Such Great Heights

Because everything looks perfect from far away.

Having a hard time getting it up for the blog these days. February 21, 2008

Filed under: Blogs — Clink @ 12:17 pm

I had a chat with myself recently, in the shower. I told myself that it was okay to not post every day, to not post every detail. Okay to maybe not want feedback. Okay to feel less inclined to read other blogs and leave comments. Okay to think that maybe I’ve outgrown Clink, just a bit. And - somewhere between the shampoo and the shaving - I realized that it was okay to take a step back.

And so I have.

I’ve still been writing - I started a public blog and I’m also writing for a website that is paying me real, actual dollars.
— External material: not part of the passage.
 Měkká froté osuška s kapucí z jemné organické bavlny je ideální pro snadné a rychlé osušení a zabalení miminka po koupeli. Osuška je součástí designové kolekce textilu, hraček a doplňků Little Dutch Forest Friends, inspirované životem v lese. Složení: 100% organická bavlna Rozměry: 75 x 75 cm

To, like, type words. On a screen. In my own voice.

I know. I’m shocked too.

I just don’t feel the need to dissect my life anymore. Not because it’s perfect (see: starting a fight with M while driving back from the Hamptons because his phone was off; it wasn’t even about his phone being off, it was about me needing attention because he’s been so fucking busy lately and hi, I’m High Maintenance, nice to meet you), but because it’s…full.
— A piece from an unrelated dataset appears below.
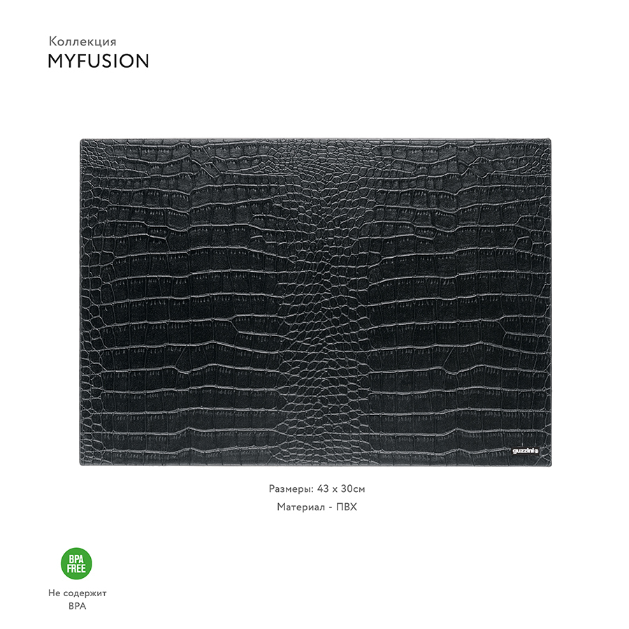 Двусторонняя подстановочная алфетка MyFusion — элегантный и необычный аксессуар из плотного синтетического материала, который не впитывает жидкость и жир и легко моется. С одной стороны изделие украшено логотипом Guzzini. Такая салфетка станет изысканным завершающим штрихом к минималистичному интерьеру, в том числе в стиле хай-тек.

A friend of a friend recently told me - after about four drinks - that she thinks I have everything.

I told her that, of course, I don’t.

But I do think I have enough.

And at least for right now, having enough means that I don’t need the blog nearly as often. That’s actually a nice feeling, to be honest. The blog was a bit of a crutch for so long, but now I feel like I’m fully healed. Like I can stand on my own.
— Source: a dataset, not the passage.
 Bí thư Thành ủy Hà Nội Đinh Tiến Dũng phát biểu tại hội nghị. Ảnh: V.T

Of course - because I am the universe’s most favoritest plaything - this could all go to shit tomorrow and I’ll be back to needing a place to exhale, to release some thoughts, to get some feedback.

In the meantime, let’s consider this a little hiatus.

But, before I go, thank you to the thousands of you who have been supportive and withheld judgment, who have read and commented or read and not commented, who have made me feel less crazy, who have made me feel more loved. The universe may like to fuck with me, but not even the universe could deny me some kick ass freaders.

 

Open Letters: Cranky on a Rainy Wednesday Edition February 13, 2008

Filed under: In general — Clink @ 12:26 pm

Dear People Who Think My Life is Perfect/I Only Write About the Good Stuff:

Ha.

Hahahaha.

Go back and read a little. This place is chock full of shit about my life that I haven’t even told some of my closest friends. There’s good, there’s bad, and there’s ugly.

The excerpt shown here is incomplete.